Even more to the point, however, is that by the time Grove set down to move from the travel literature he’d been writing to the more creatively satisfying job of making up stories, the mood of the reading public had finally been convinced almost as a whole to shift from the sentimental romance of the 19th century over to the more brutally honest realism and naturalism which characterized American fiction up to the mid-century. Although, as Grove found out in the case of Settlers of the Marsh, the movement was not yet totally complete.

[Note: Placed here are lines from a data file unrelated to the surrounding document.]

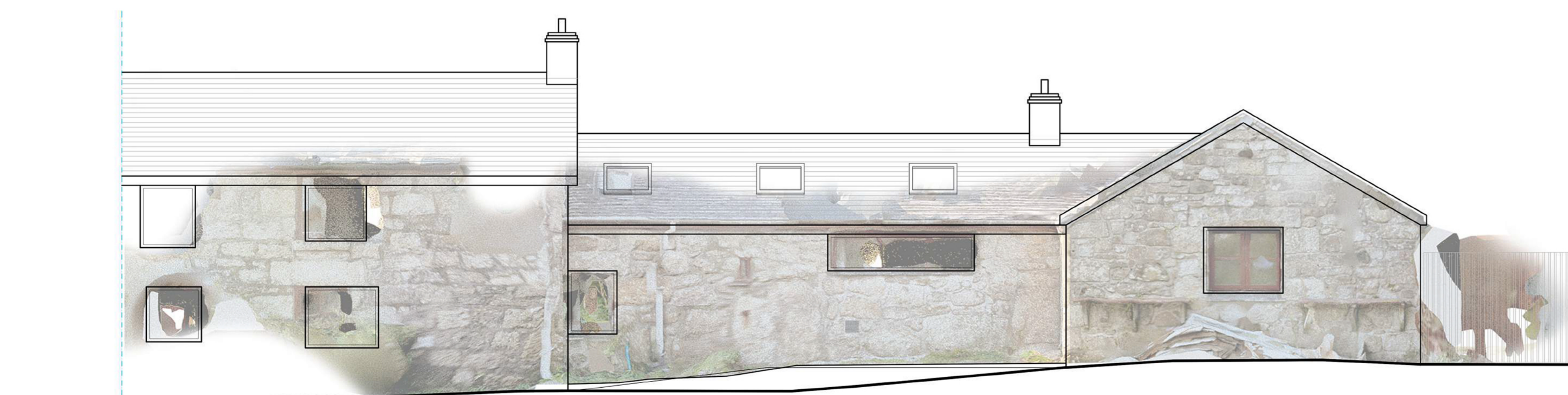
REAR ELEVATION (SOUTH EAST)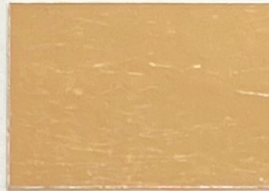
Moon Gold ◆■ MA22.00MG AW = 16g 92% Gold-3.5%Silver- 4.5%Palladium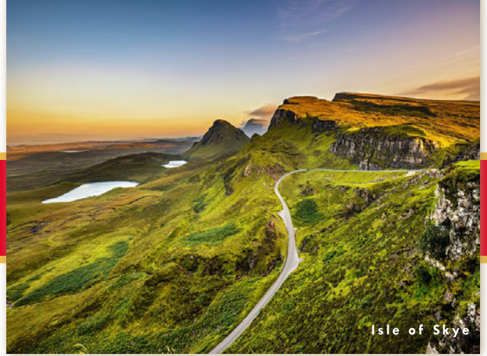
Isle of Skye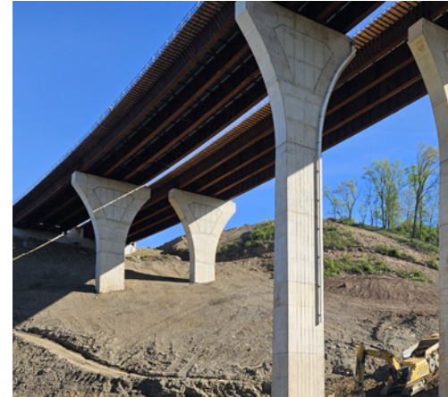
Bridge over New England Road - north slope grading.

Learn more about the Mon/Fayette Expressway by visiting the project website.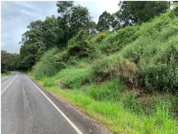
Landslide above 490 Cooroy-Belli Creek Road

FKG Civil Pty Ltd (FKG) has been awarded the contract to undertake works near 490 Cooroy-Belli Creek Road. The construction will repair landslide damage on the upslope and downslope of the road.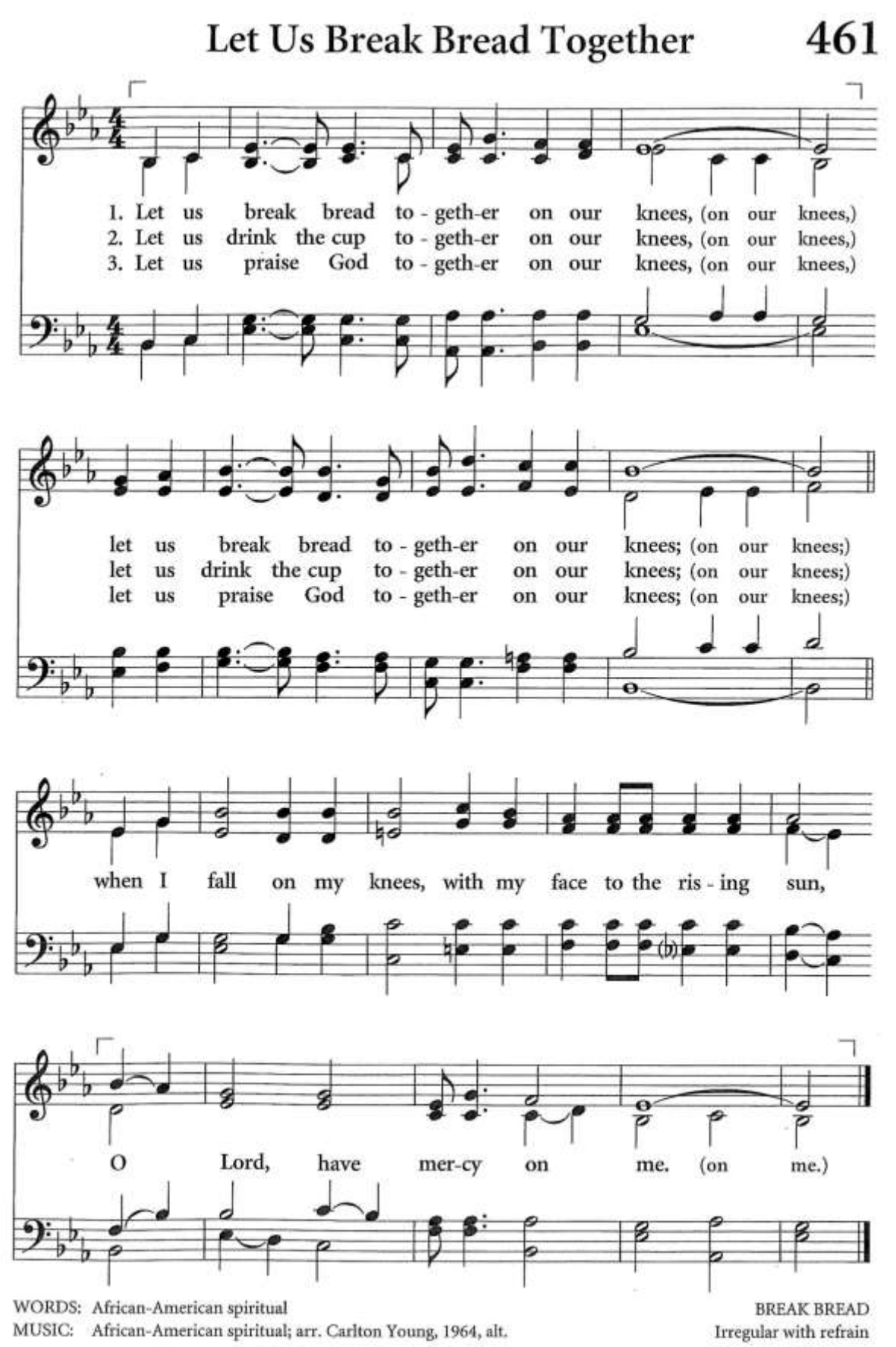
Arr. © 1965 Abingdon Press (Admin. by The Copyright Company)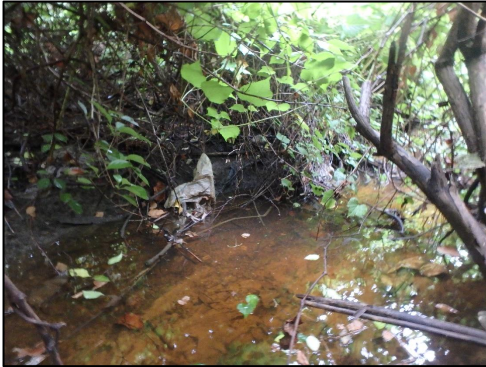
Waters 9C – Intermittent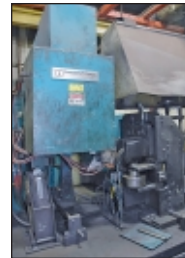
Thermatool Model VT-160 Induction Welding Station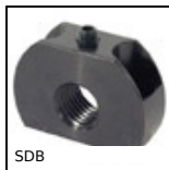
Locating bolt support bracket, Mounting holes at 90° to locating bolt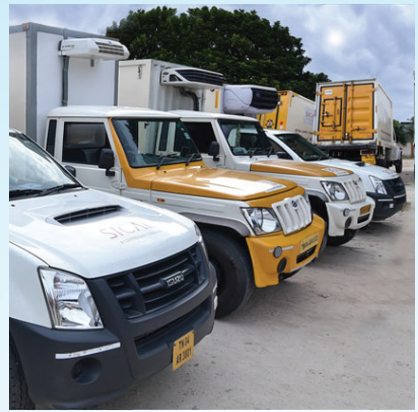
ANNUAL REPORT 2022-23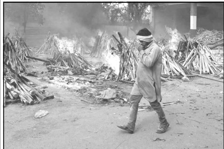
May 02, 2021: Amongnü Delhi nung aliba Ghazipur cremation ground nung coronavirus tashidak agi asürtem rongdokba noksa nung angur. Tesüiba ghonda 24 tsüngda Delhi nung coronavirus tashidak agi shiranger 412 süogo.

May 4-6 anogotem nung Kerala aser Mahe nung, May 4-6 nung interior Karnataka aser May 5 nü Karnataka tzüyinkümlen tesem kar nung tzünglu sashia arutsü, ta India Meteorological Department-isa metetdaksü.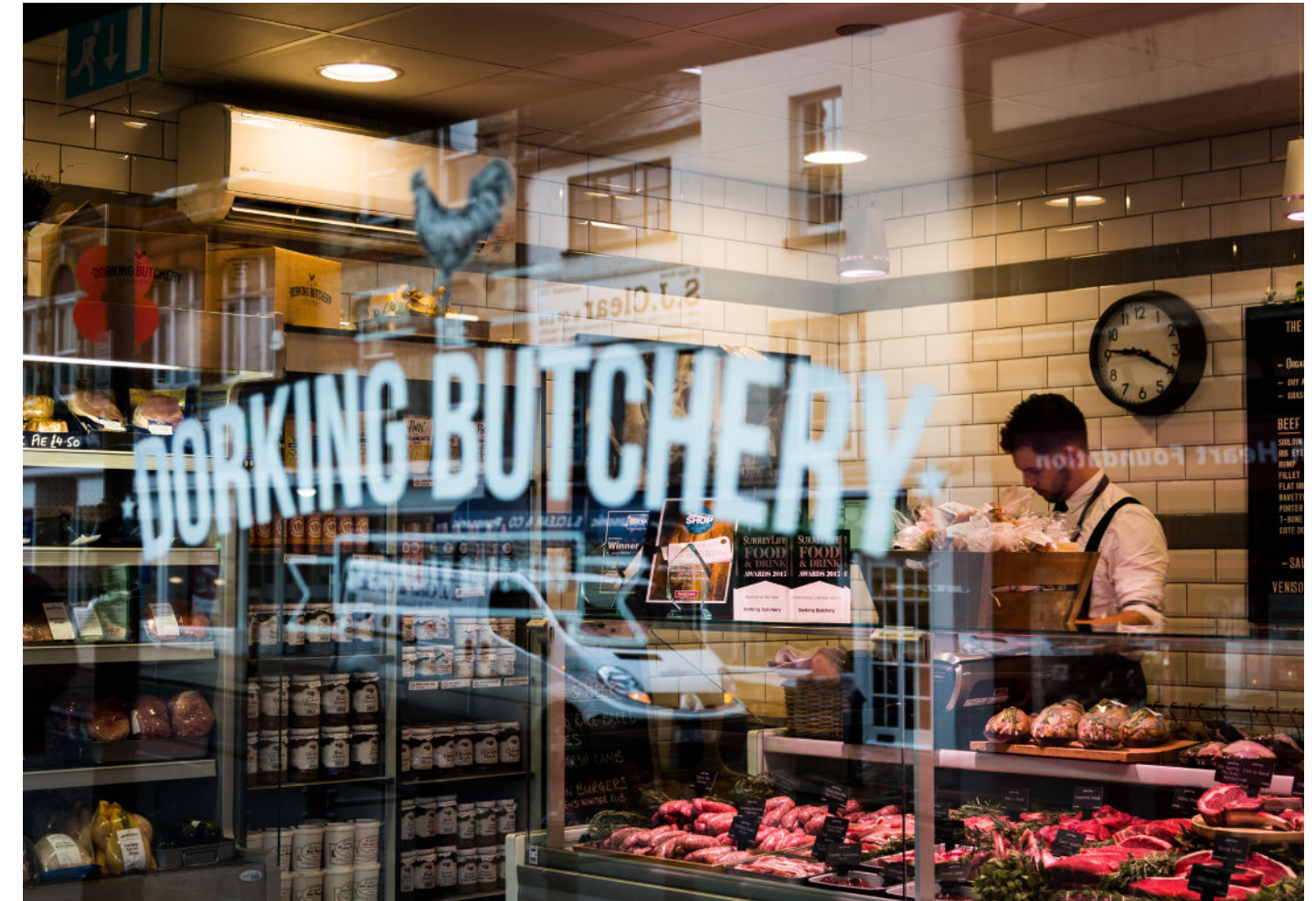
The Dorking Butchery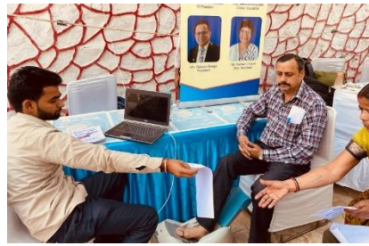
296. 16-03-2024 Bone Mineral Density (BMD) Test at B –Block Park, Chattarpur Enclave Phase – 2, New Delhi.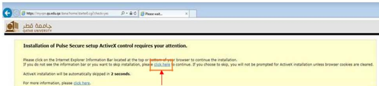
Figure 3: pulse secure access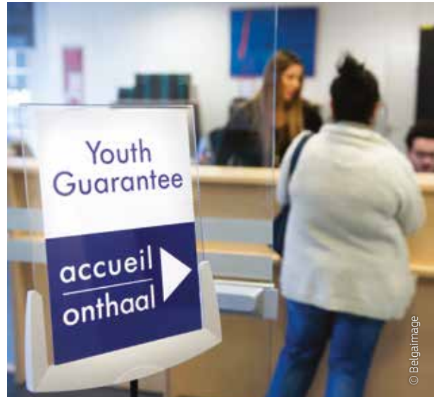
Activation: a push was given to traineeships proposed by public employment services, as part of active labour market policy measures.

Three major challenges are still facing EU countries, two years after the adoption of the QFT. Regulating open market traineeships is one of them. Filling the remaining gaps in traineeship regulation is another, especially as far as the lack of transparency, the duration and the recognition of traineeships are concerned – as well as learning content, in the case of open market traineeships. And a third challenge is to improve cooperation with social partners.

It would be a difficult task to point out exactly why for the modern reader, but for moralists in the America that existed before anyone had even conceived of the terms Great Depression and Third Reich, the book was nothing less than a work of unwholesome obscenity that deserved to be banned. It is the introduction of a decadent plot device like a love triangle deemed more acceptable to European novelists who were (for many American readers) nothing but a bunch of obscene traffickers in the seamier side of life unknown to the godly examples of moral purity that occupied farms and small towns across the American and Canadian prairie.

The story that plays out in the novel is rough and unwilling to have its realism obstructed by misguided ideas about what does and does not take place far away from the dens of sin in the capitals of Europe. The protagonist of the Settlers of the March is not exactly Charles Ingalls, but, curiously, he actually does resemble the idealistic patriarch of the Little House series on the inside. Both men share a strong and honest foundation of morality that prevents them from doing certain things they consider sinful. Unfortunately, this very same rigid clinging to a moral code has a flip side that can potentially be quite dark, indeed. It is that dark side which Charles Ingalls never showed and which her creator could never have had him show. Niels Linstedt is a tragic figure who at times seems the victim of forces of doom that are out to destroy him, but the controversy at the heart of his story is that it is precisely his own ungrudging commitment to the forces of goodness that are the true agencies of his misery.